Stacks and Queues are abstract by nature. What I mean by that is that they are defined by their interface. Their underlying workings can be different. For example, A stack may have push, pop, view, etc as its interface. But the underlying mechanism may be an array of a linked list.

Some ways to use Stacks

Reverse a word

Use a stack to reverse a word. When a string of word comes in, push each character into your stack. Then pop the stack onto an empty string, and you will then have the word reversed.

Delimiter Matching

Another common use for stacks is to parse certain kinds of text strings.
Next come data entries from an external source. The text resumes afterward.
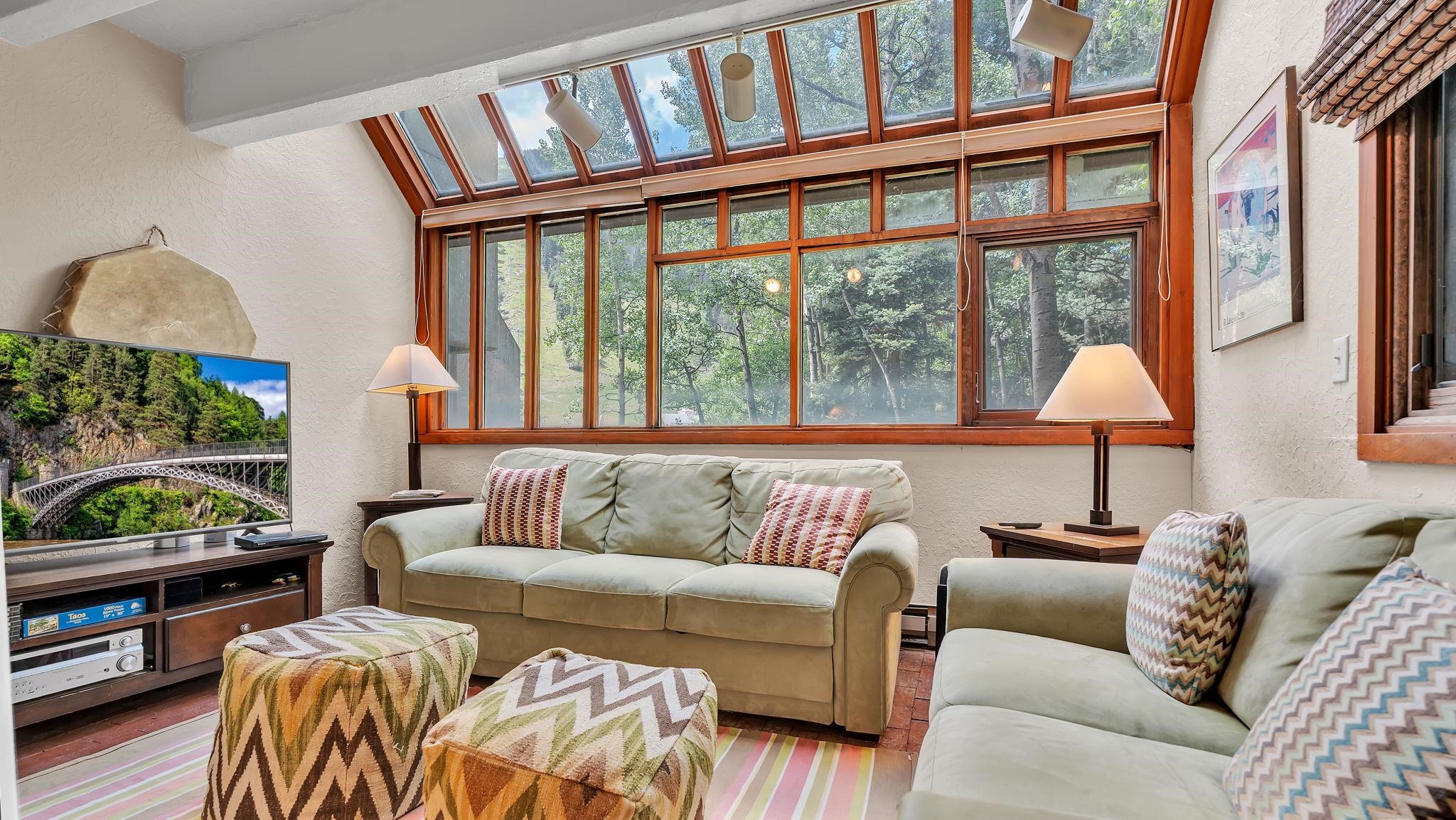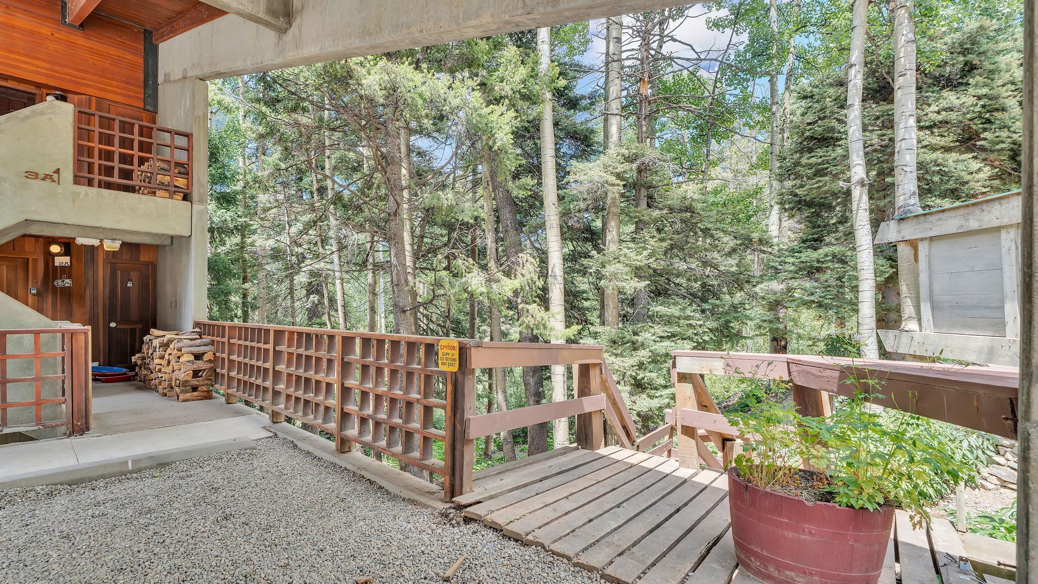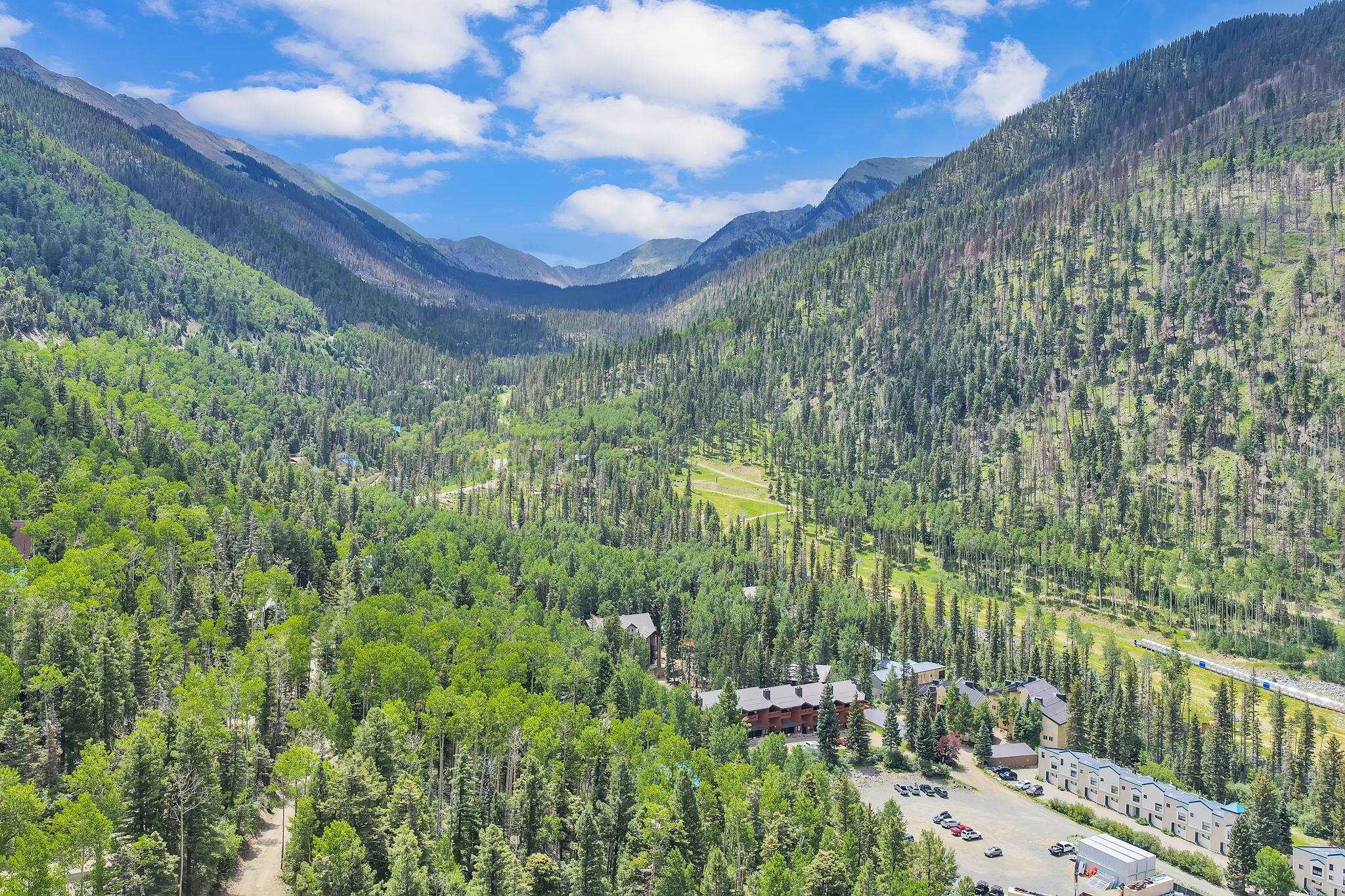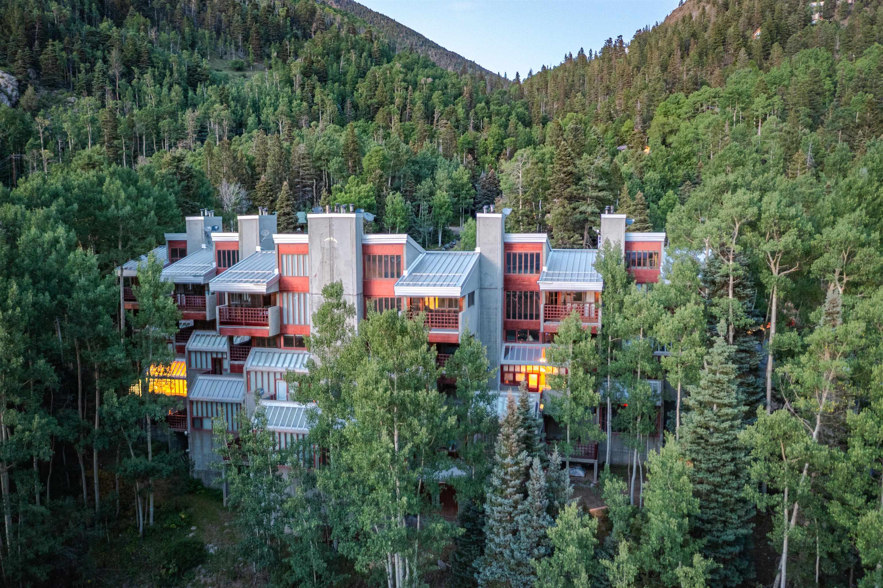 Rare Opportunity to Own at the Predock Near the Slopes of Taos Ski Valley ~ Located at the very beginning of Twining Road, a short walk from Lift 1 at world renowned TSV, you will discover this stunning 3-bedroom, 2-bath condo at the coveted Predock Condo Complex. The structure itself is masterpiece of modern architecture by the acclaimed Antoine Predock, a rare fusion of sturdy precast concrete design and natural beauty. Nestled on the sunny side of Taos Ski Valley, the condo offers breathtaking views of the village and Fraser Creek from expansive western-facing windows that flood the living room, solarium, and second added bedroom with New Mexico sunshine. High ceilings and a cozy living area create an inviting atmosphere, complemented by an updated kitchen, dining room, plenty of storage, and a convenient in-unit laundry area. Step out onto the private deck from the third bedroom to enjoy picturesque views of Al's Run and the "Front Side." Beyond its appeal as a luxurious mountain retreat, this property also has exceptional investment potential with complete rental management freedom, at a prime location on the Mountain. As an owner, you'll also benefit from an HOA-covered ski locker in the village, making it easy to hit the slopes whenever you please. Cozy up around the Southwestern adobe inspired wood stove with a traditional bancito after a long day on the slopes, or head out to experience world-class hiking at Williams Lake, elk & deer hunting on Gold Hill, fly fishing in the Rio Hondo, mountain biking and rock climbing on the "Back Side," near the Bavarian Restaurant, or hit the Apres scene a short trek from your front door. Don't miss this incredible opportunity to own a piece of Taos Ski Valley, at the highly sought after Predock Condo complex at a steal of a deal!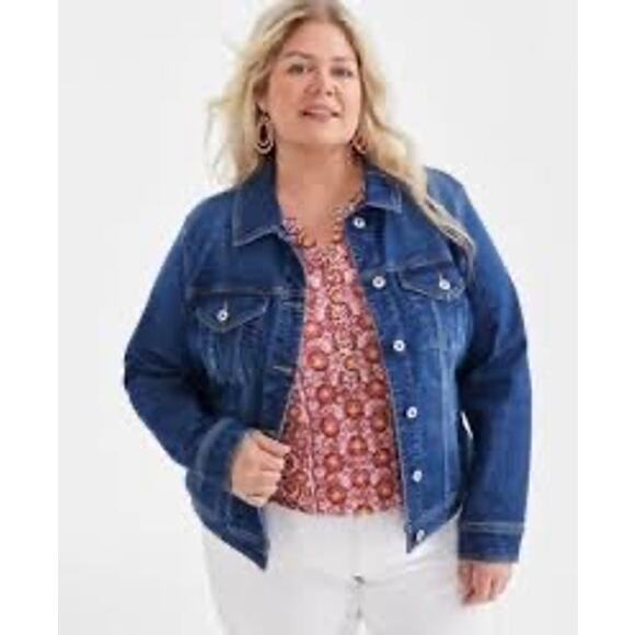 Style & Co Womens Plus Denim Jacket Classic Jean Jacket Size 22
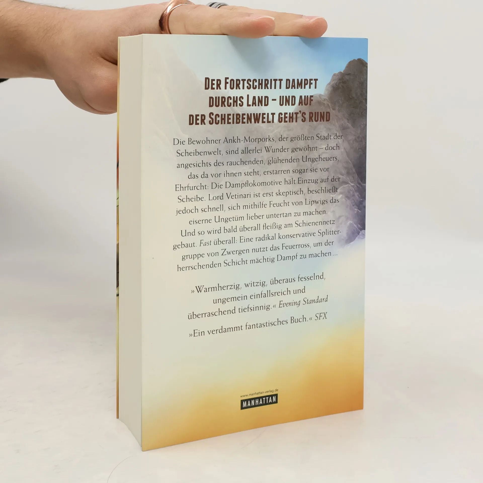Der neue große Scheibenwelt-Roman von Terry Pratchett. Ankh-Morpork, die größte Stadt der Scheibenwelt, war schon immer ein wahrer Hexenkessel – doch andernorts floss das Leben eher gemütlich dahin. Bis dank des Erfindungsreichtums eines jungen Ingenieurs die Dampflokomotive Einzug auf der Scheibe hält. Lord Vetinari ist erst skeptisch, beschließt jedoch schnell, sich das eiserne Ungetüm lieber Untertan zu machen. Er beauftragt Feucht von Lipwig – Herr der Post, der Königlichen Münze und der Königlichen Bank – nun auch das Verkehrswesen ins Rollen zu bringen. Bald wird überall fleißig am Schienennetz gebaut. Doch nicht jedermann weiß den rollenden Fortschritt zu schätzen. Und so nutzt eine radikal konservative Splittergruppe von Zwergen, die sowieso unzufrieden mit der Gesamtsituation ist, das Feuerross, um der herrschenden Schicht mächtig Dampf zu machen …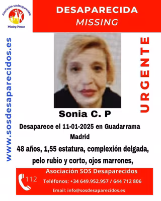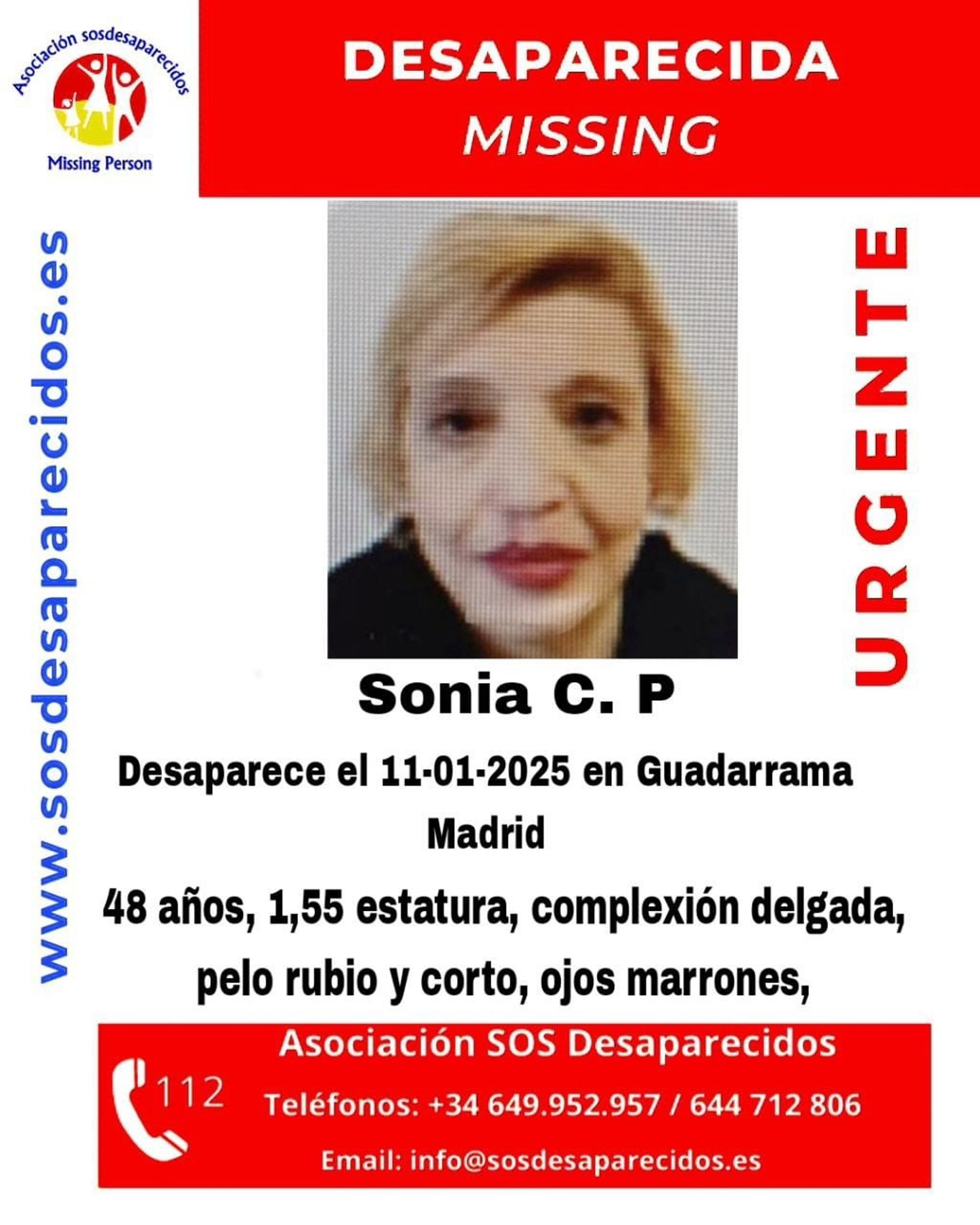 Familiares, amigos, compañeros y Fuerzas y Cuerpos de Seguridad buscan desde el pasado sábado, 11 de enero, a una mujer de 48 años en la localidad de Guadarrama, ha alertado la asociación SOS Desaparecidos y el Centro Nacional de Desaparecidos.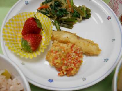 金目鯛食べました 公開日 2021/01/12 更新日 2021/01/12 給食 今日は新春献立でした。 お雑煮のお餅も調理室で捏ねてつくりました。 金目鯛は小さいものでしたが高級魚です、 生徒たちも味わってくれたでしょうか。 主な食材の産地 小松菜・・・埼玉 ダイコン・・・神奈川 ニンジン・・・千葉 白菜・・・茨城 ネギ・・・千葉 イチゴ・・・栃木 柚子・・・高知 スケソウダラ・・・ロシア 金目鯛・・・東京 鶏肉・・・岩手 米・・・秋田 いいね(0)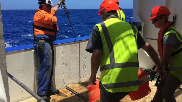 Wire deployed corer floats being retrieved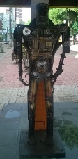 Olha só o que apareceu no calçadão, no centro de Campo Mourão: um robô. Foi deixado no quiosque da Boca Maldita, em frente ao bar do Raul. O autor é o artista plástico J.C. Amaral, de Quinta do Sol, que deixou o robô, que tem tamanho de gente, em exposição. Ah, digamos que é o Robocop desarmado...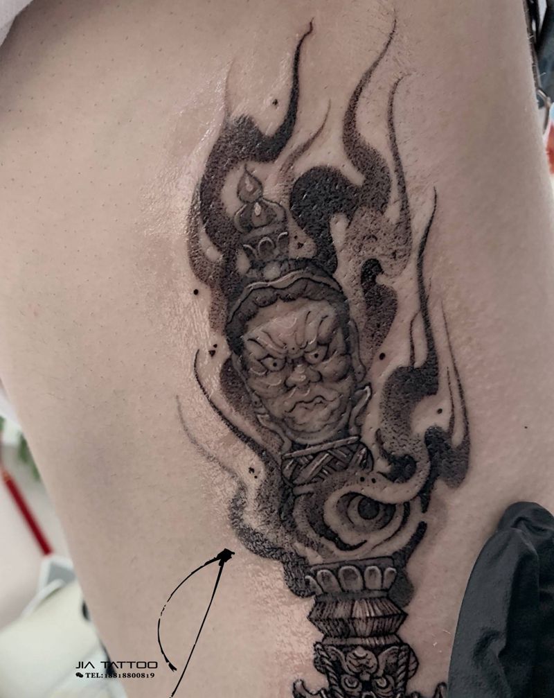 当前位置: 首页 >广东省中山市纹身店-紋藝閣纹身图案>降魔杵纹身图片_腹部腰部点刺新传统纹身图案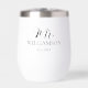 Beautiful wine or coffee tumbler for the wedding couple to commemorate their special day. Design features Mr. on the front (but easily change to Mrs. Personalise by adding names and date. Easily change the font colours too. Makes a perfect wedding or anniversary gift.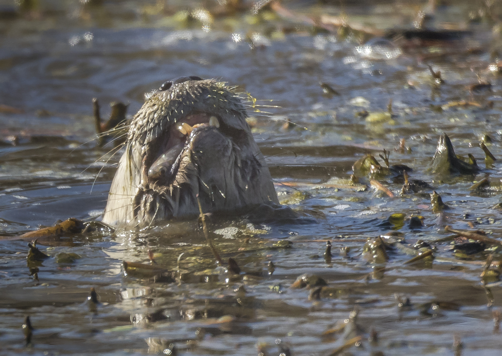 After the sunrise show at the platform, we headed over to “Bear Road” for a walk. Along the way, I spotted a pair of river otter in the roadside canal. They tend to raise up and snort a time or two when they first spot you, and then often disappear beneath the waters with a distinct kerplunk, only to reappear near or far, depending on how much they feel like tolerating your presence. These two were busy searching for fish in the thick mats of vegetation in the canals, and by the looks (and sounds) of things, they were quite successful. One guy caught several small fish while we watched, tossing his head back and crunching them in his jaws, the hapless fish seemingly gazing at us asking for help. But each fish disappeared rather quickly, with the otter then glancing our way before disappearing into the floating green mat.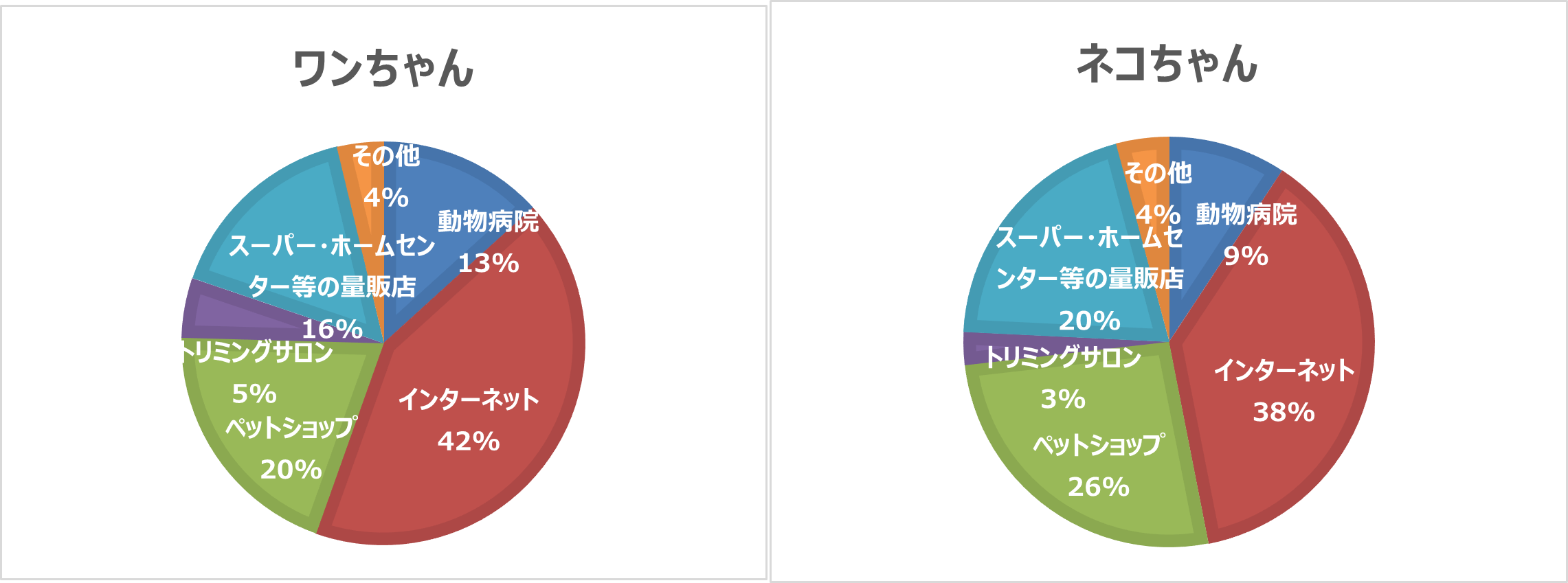 ・シャンプー購入先1位:【犬・猫共通】インターネットが4割程度で最多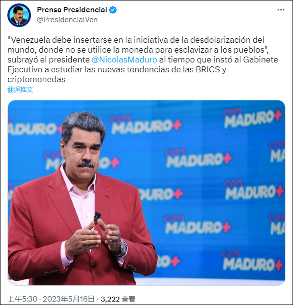 | 马杜罗:委内瑞拉正“去美元化”,货币不应被用来奴役人民 zt |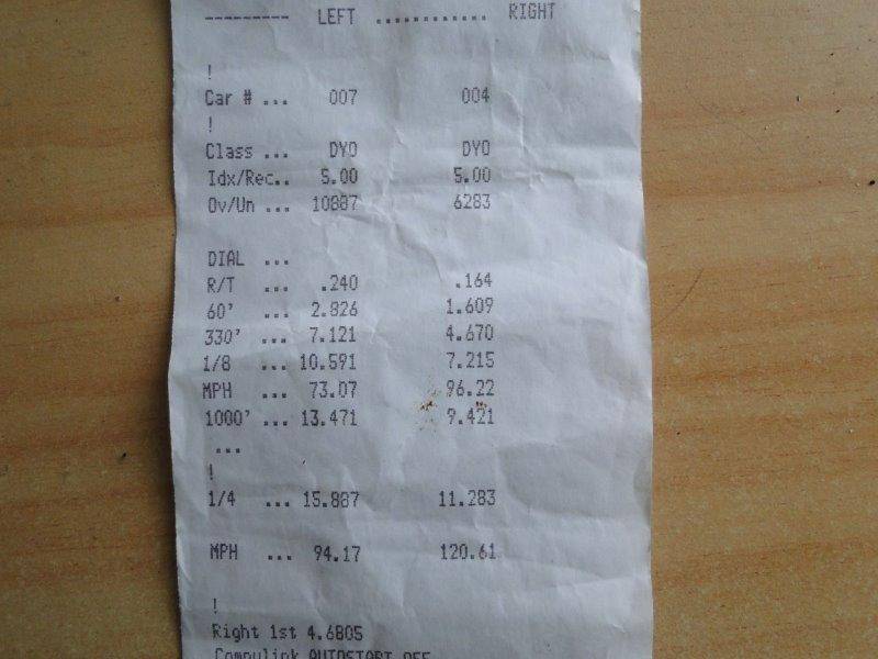 It's those weird " Hee- my heads"Manual transmission cars will mph a little better than an auto car with the same power to weight ratio, but agree with you. INTMD8 has 1-2 mph on my 1/8 mile but almost 7 mph in trap speed.

The delimiters are (, ), [, ], {, }…etc.

You have an empty stack

You have a string say “a{b(c[d]e)f}”

read “a”
“a” != delimiter, go on.
Stack:

read “{”
“{” is opening delimiter, push onto stack.
Stack: {

read “b”
“b” != delimiter, go on.
Stack: {

read “(”
“(” is opening delimiter, push onto stack.
Stack: { (

read “c”
“c” != delimiter, go on.
Stack: { (

read “[”
“[” is opening delimiter, push onto stack.
Stack: { ( [

read “d”
“d” != delimiter, go on.
Stack: { ( [

read “]”
“[” is closing delimiter, pop from stack.
Stack: { (

read “e”
“e” != delimiter, go on.
Stack: { (

read “)”
“)” is closing delimiter, pop from stack.
Stack: {

read “f”
“f” != delimiter, go on.
Stack: {

read “}”
“}” is closing delimiter, pop from stack.
Stack:

Using Queues

Queues are first in first out.

In Arrays, when we insert, we just push onto the array, which is O(1).
When we delete, we remove the 0th element, then push all the elements down, which is O(n).

In linked list, we have head and tail pointer. This would make both adding and removing O(1).

However, search and delete would be O(n) because on average, it takes n/2 where n is number of items. T = k * (n/2) where constants are included T = n. In regards to how fast it is to the number of items, we have T = O(n)

priority queues

0 is highest priority, a larger number means a lower priority.

Thus, when we insert an item, we start at the very end of the array. Use a for loop back to 0th index, and see if the new element is larger than the element at the index.

The new element being a larger element means it has a lower priority. If it is, we shift the array element up. We keep doing this until our priority is properly inserted. Having the smallest number mean we have a higher priority, thus, we append the element at the top.

When we delete, we simply pop the top element.